La protesta social hasta inicios de este año le estaba restando gobernabilidad a Duque. La pandemia mandó la protesta a una especie de detención domiciliaria, y esto le devolvió temporalmente gobernabilidad a Duque. Es muy probable que en cuanto el pico pase y la cuarentena ya no se pueda extender por más tiempo, resurja el descontento social represado durante todos estos meses. Y por eso es muy conveniente para el gobierno la expedición de una ley que contenga esa oposición.

La reforma que se plantea en el Congreso no es necesaria porque ya hay normas, contravenciones y delitos que proscriben el daño en bien ajeno o a bienes públicos. Ya tenemos normas suficientes para detener y procesar a alguien que rompe los vidrios de un Transmilenio.

La reforma es un retroceso en la protección de la democracia participativa. Habilita al Estado a reprimir las protestas, a tener más herramientas legales para anularlas, debilitarlas o incluso disuadirlas. Eso es incompatible con principios básicos de sociedades libres y encaja en la arquitectura de opresión que progresivamente se está imponiendo en diversos países.

La reforma es además peligrosista, porque se basa en presunciones vagas y prejuicios que maximizan el uso del derecho penal en contra de hombres jóvenes y minorías, como pasa por ejemplo con la ley antiterrorista en Chile, que ha sido aplicada desproporcionadamente contra los mapuches. Se crea una etiqueta de "vándalos" contra los estudiantes, los amenazan con quitarles sus becas, y establecen definiciones vagas de lo que se interpreta como acto de violencia, con lo cual gritar podría encajar como violencia.

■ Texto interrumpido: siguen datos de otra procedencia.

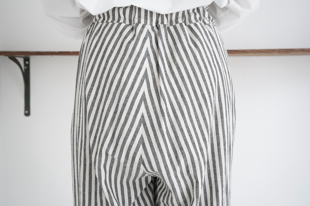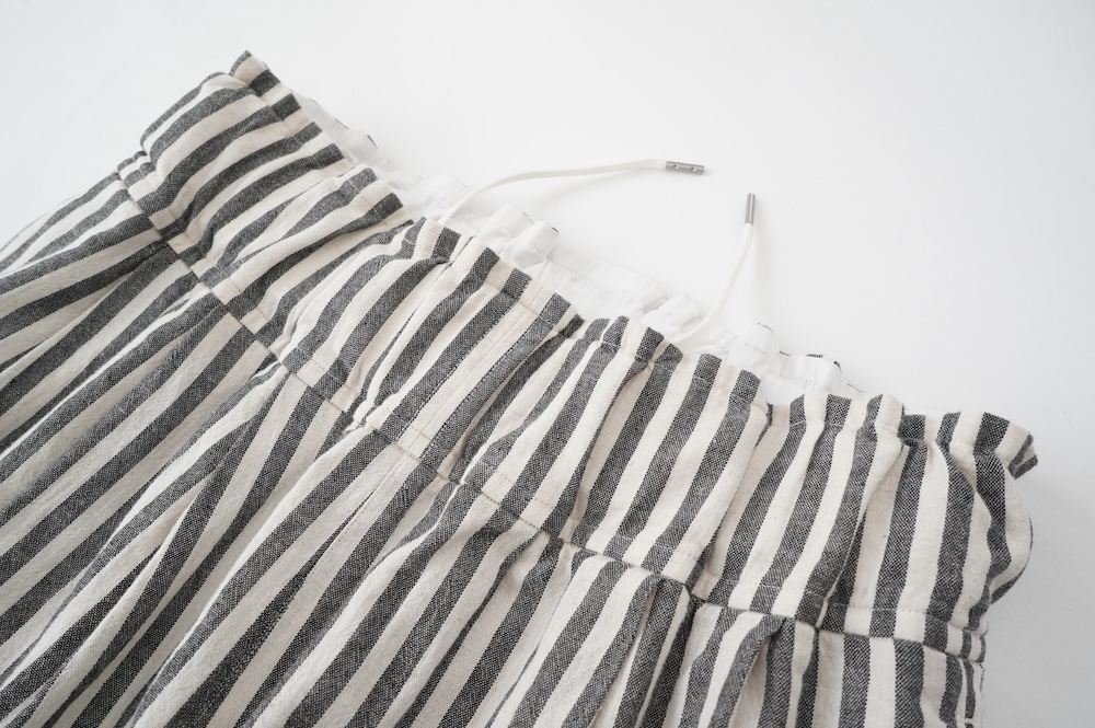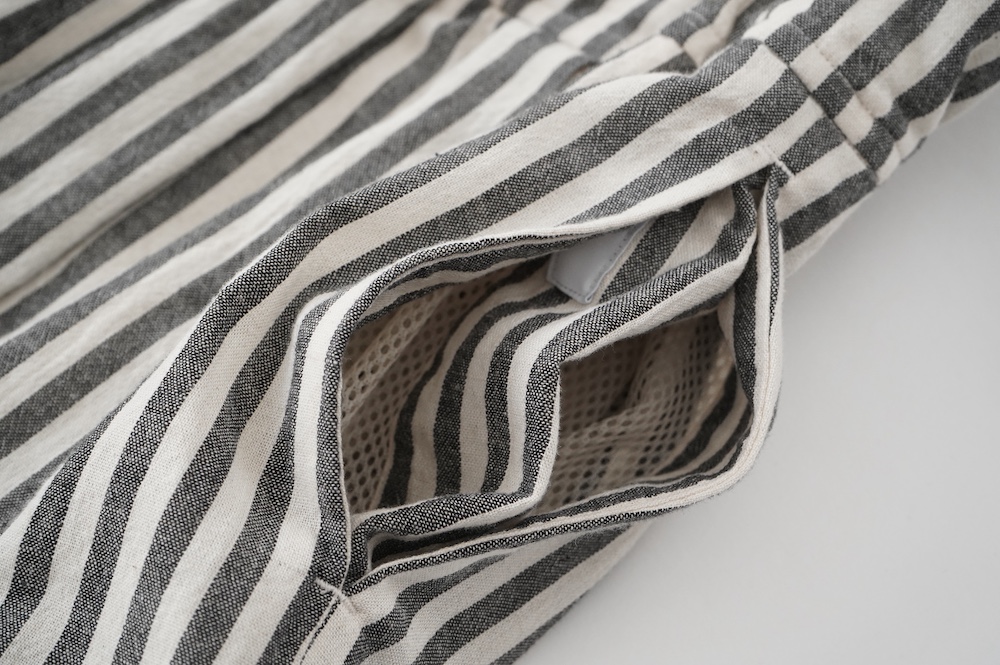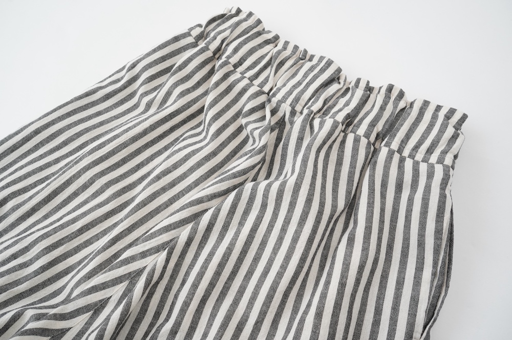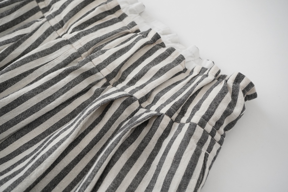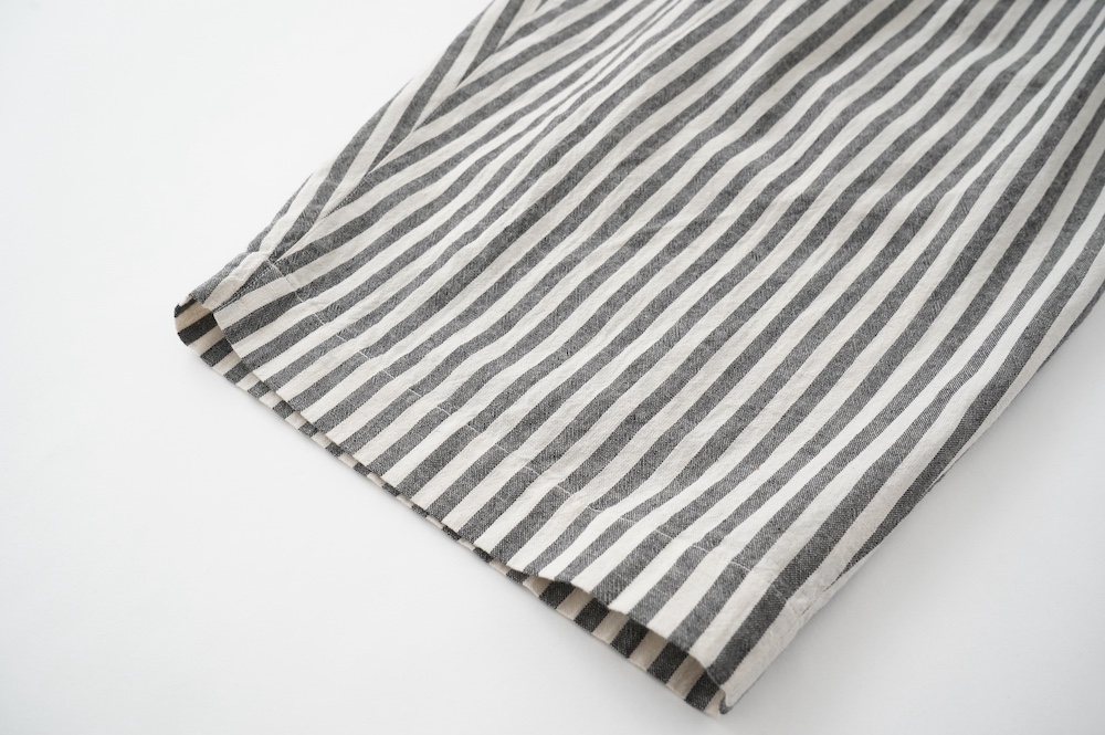 経糸がコットン、緯糸がコットンリネンのシーチング素材で、タテヨコ20番手のシーチングらしいシーチングです。生地は仕上げにスターチ加工(糊付け)を施しており、軽やかながら適度な張り感とドライタッチな感触が春夏らしいストライプです。

Finalmente, no debemos perder de vista lo que está en juego aquí. La esencia de la protesta social es la existencia o percepción de existencia de un daño o agravio causado por el Estado a una parte de la población. Esa población se hace visible, se moviliza, expresa sus argumentos, busca una respuesta del Estado. Lamentablemente en Colombia los gobiernos en lugar de atender esas demandas, toman la vía fácil y desvían la atención hacia focos violentos en las protestas. En lugar de individualizar la violencia, la generalizan para deslegitimar la protesta. Eso, en el marco histórico de un uso excesivo y arbitrario de esa fuerza, ha creado las condiciones ideales para amordazar la protesta y con ella, la democracia.